Nanoscale Dynamic Readout of a Chemical Redox Process Using Radicals Coupled with Nitrogen-Vacancy Centers in Nanodiamonds.

Biocompatible nanoscale probes for sensitive detection of paramagnetic species and molecules associated with their (bio)chemical transformations would provide a desirable tool for a better understanding of cellular redox processes. Here, we describe an analytical tool based on quantum sensing techniques. We magnetically coupled negatively charged nitrogen-vacancy (NV) centers in nanodiamonds (NDs) with nitroxide radicals present in a bioinert polymer coating of the NDs. We demonstrated that the T1 spin relaxation time of the NV centers is very sensitive to the number of nitroxide radicals, with a resolution down to ∼10 spins per ND (detection of approximately 10-23 mol in a localized volume). The detection is based on T1 shortening upon the radical attachment, and we propose a theoretical model describing this phenomenon. We further show that this colloidally stable, water-soluble system can be used dynamically for spatiotemporal readout of a redox chemical process (oxidation of ascorbic acid) occurring near the ND surface in an aqueous environment under ambient conditions.

Simultaneous label-free live imaging of cell nucleus and luminescent nanodiamonds.

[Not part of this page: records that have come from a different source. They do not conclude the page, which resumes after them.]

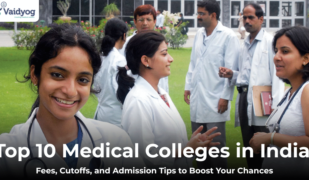 Are you dreaming of a career in medicine? Pursuing an MBBS degree from one of India’s top medical colleges can be the gateway to a fulfilling and lucrative profession. With the National Eligibility cum Entrance Test (NEET) as the primary gateway for MBBS admissions in India, selecting the right medical college is crucial. In this comprehensive guide, we’ll explore the top 10 medical colleges in India, including their fees, NEET cutoffs, and specific admission tips. We’ll also share general strategies to boost your chances of securing a seat in these prestigious institutions. Plus, for those eyeing a swift entry into the healthcare job market post-graduation, we’ll highlight why Vaidyog is the best healthcare/medical job portal to get a job soon.
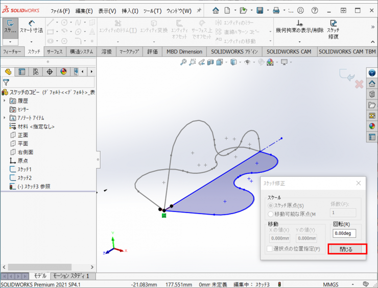 8.スケッチ修正のウィンドの【閉じる】をクリックして、スケッチ修正を終了します。
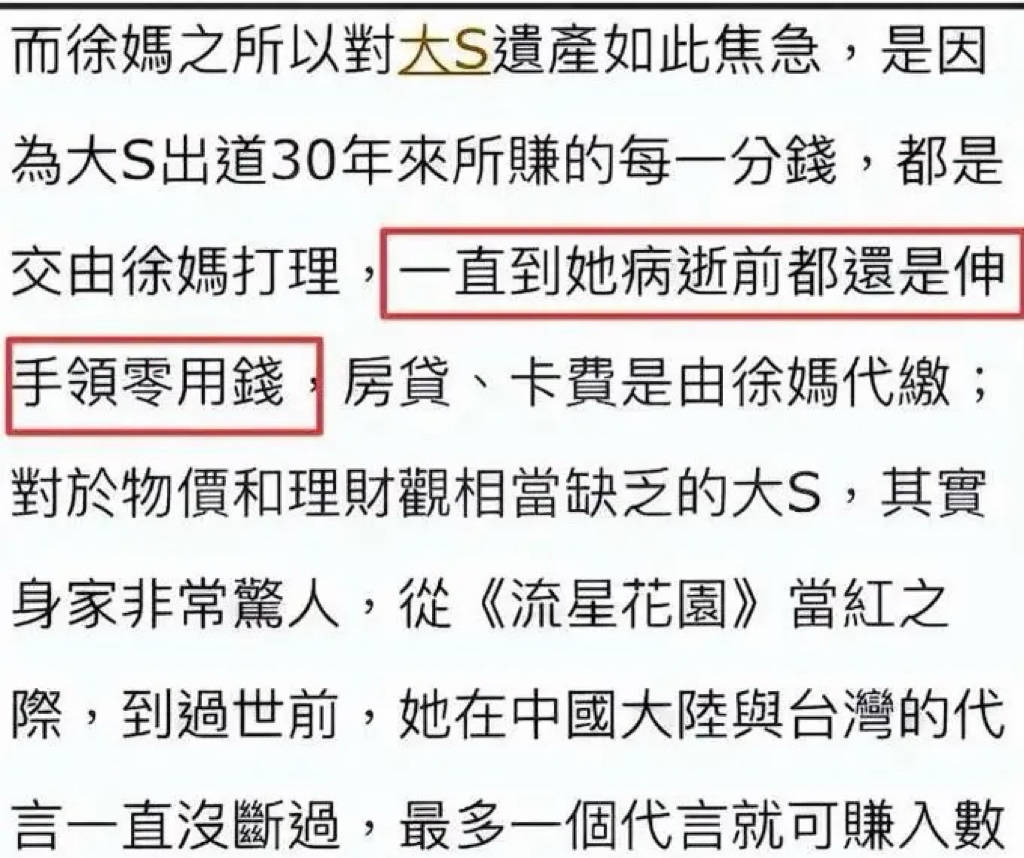 大S出道30年来所赚的每一分钱,都是交给S妈打理的,一直到她病逝前都在伸手领零用钱。大概这也是为什么,黄春梅会对大S遗产如此焦急的原因吧。
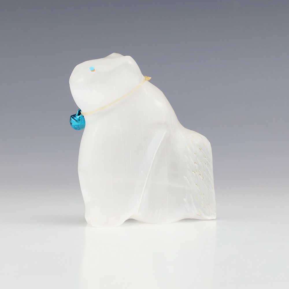 Zuni artists Leland Boone and Daphne Quam made this lovely cat fetish. Hand carved out of Selenite and his eyes are made out of Turquoise. This great carving would make a great addition to your Native American art or Zuni fetish collection. (note-there is natural pitting in the stone)

In recent years, fluorescent nanodiamond (fND) particles containing nitrogen-vacancy (NV) centers gained recognition as an attractive probe for nanoscale cellular imaging and quantum sensing. For these applications, precise localization of fNDs inside of a living cell is essential. Here we propose such a method by simultaneous detection of the signal from the NV centers and the spectroscopic Raman signal from the cells to visualize the nucleus of living cells. However, we show that the commonly used Raman cell signal from the fingerprint region is not suitable for organelle imaging in this case. Therefore, we develop a method for nucleus visualization exploiting the region-specific shape of C-H stretching mode and further use k-means cluster analysis to chemically distinguish the vicinity of fNDs. Our technique enables, within a single scan, to detect fNDs, distinguish by chemical localization whether they have been internalized into cell and simultaneously visualize cell nucleus without any labeling or cell-fixation. We show for the first time spectral colocalization of unmodified high-pressure high-temperature fND probes with the cell nucleus. Our methodology can be, in principle, extended to any red- and near-infrared-luminescent cell-probes and is fully compatible with quantum sensing measurements in living cells.

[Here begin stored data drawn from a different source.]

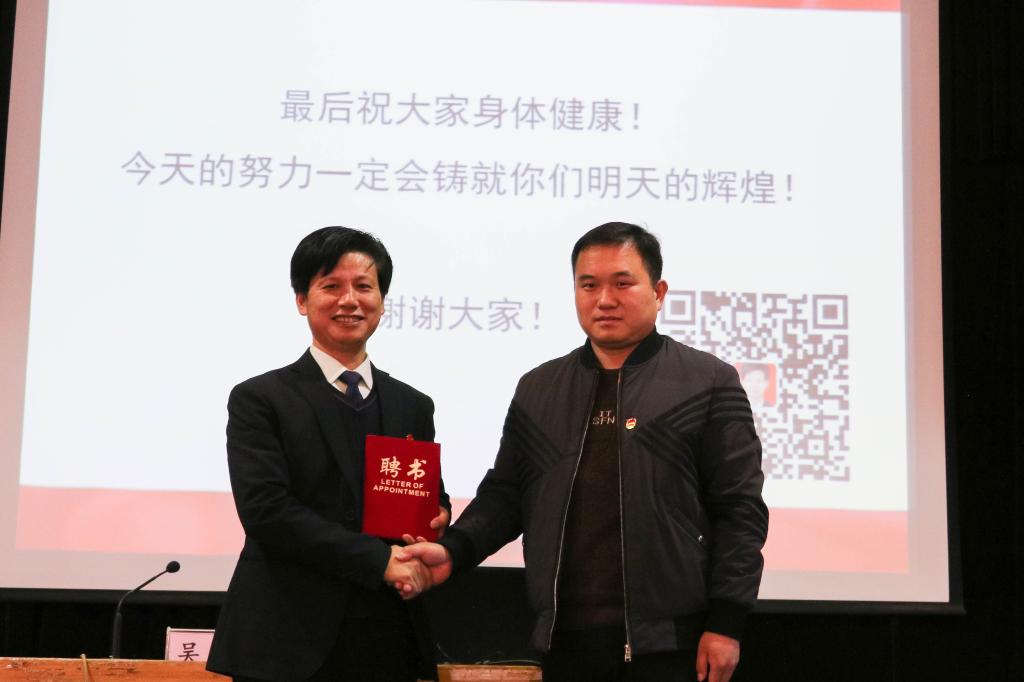 接下来,由河南省青联常委、中国青年创业导师、河南省大众创业导师、河南雨泽企业孵化器有限公司董事长吴文新为大家带来讲座。他提出“成功就是每一个人生阶段做好我们该做的事。”一个人在每一个阶段都有特定的使命:员工阶段,学习就是第一要务;上班阶段,保质保量完成工作是第一要务;自己创业,让企业先能活下来就是第一要务,每到一个阶段就要做好该阶段的事。同时吴文新主任从员工阶段、上班阶段、创业阶段不同的人生经历为大家作了深入浅出的讲解,为青年人特别是在校老员工的未来发展指明了方向,具有很强的指导性和可操作性。随后,由共青团新郑市委书记陈胜利为吴文新老师颁发青年创业导师聘书并合影留念。
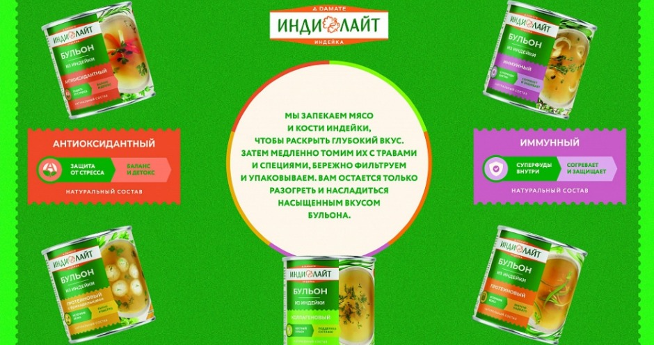 В линейку бульонов под брендом «Индилайт» входит пять видов готовой к употреблению продукции: «Антиоксидантный» для защиты от стресса, «Иммунный» с суперфудами и компонентами поддержки иммунитета, «Протеиновый» с повышенным содержанием белка, «Коллагеновый» для поддержки здоровья суставов и кожи и «Протеиновый с фрикадельками» — более сытный, чем остальные.
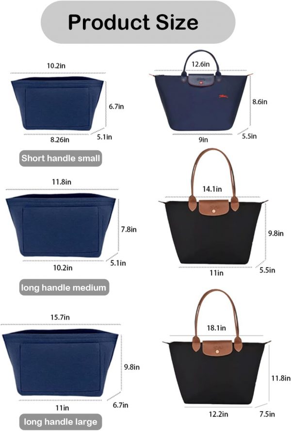 Size options: Wallet insert comes in 3 sizes, S=8.26×5.1×6.7 inches, M=10.2×5.1×7.8 inches, L=11×6.7×5.9 inches. Please choose the size that suits your bag when purchasing.
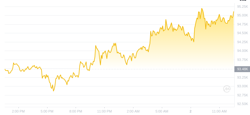 截至 2025 年 1 月 2 日 12 时,比特币 (BTC) 价格为 95,108 美元。过去 24 小时内交易量高达 276 亿美元。
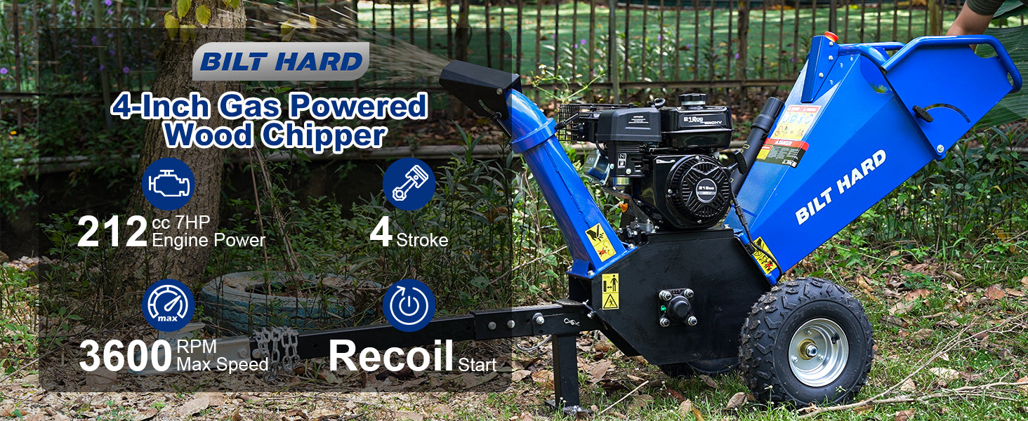 4-Inch Drum Wood Chipper 7HP 212cc Ducar Gas Powered

Photoelectrical imaging and coherent spin-state readout of single nitrogen-vacancy centers in diamond.

Nitrogen-vacancy (NV) centers in diamond have become an important instrument for quantum sensing and quantum information science. However, the readout of NV spin state requires bulky optical setups, limiting fabrication of miniaturized compact devices for practical use. Here we realized photoelectrical detection of magnetic resonance as well as Rabi oscillations on a single-defect level. Furthermore, photoelectrical imaging of individual NV centers at room temperature was demonstrated, surpassing conventional optical readout methods by providing high imaging contrast and signal-to-noise ratio. These results pave the way toward fully integrated quantum diamond devices.

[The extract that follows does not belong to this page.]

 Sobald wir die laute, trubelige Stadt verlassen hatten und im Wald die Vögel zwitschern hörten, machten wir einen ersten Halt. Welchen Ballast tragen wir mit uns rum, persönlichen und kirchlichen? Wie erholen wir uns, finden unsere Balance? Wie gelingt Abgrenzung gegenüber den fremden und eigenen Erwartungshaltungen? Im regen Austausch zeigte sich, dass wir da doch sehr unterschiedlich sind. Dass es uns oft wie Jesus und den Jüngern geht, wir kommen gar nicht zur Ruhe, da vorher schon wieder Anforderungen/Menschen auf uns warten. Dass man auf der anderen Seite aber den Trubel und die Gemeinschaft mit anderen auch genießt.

Boosting nanodiamond fluorescence: towards development of brighter probes.

A novel approach for preparation of ultra-bright fluorescent nanodiamonds (fNDs) was developed and the thermal and kinetic optimum of NV center formation was identified. Combined with a new oxidation method, this approach enabled preparation of particles that were roughly one order of magnitude brighter than particles prepared with commonly used procedures.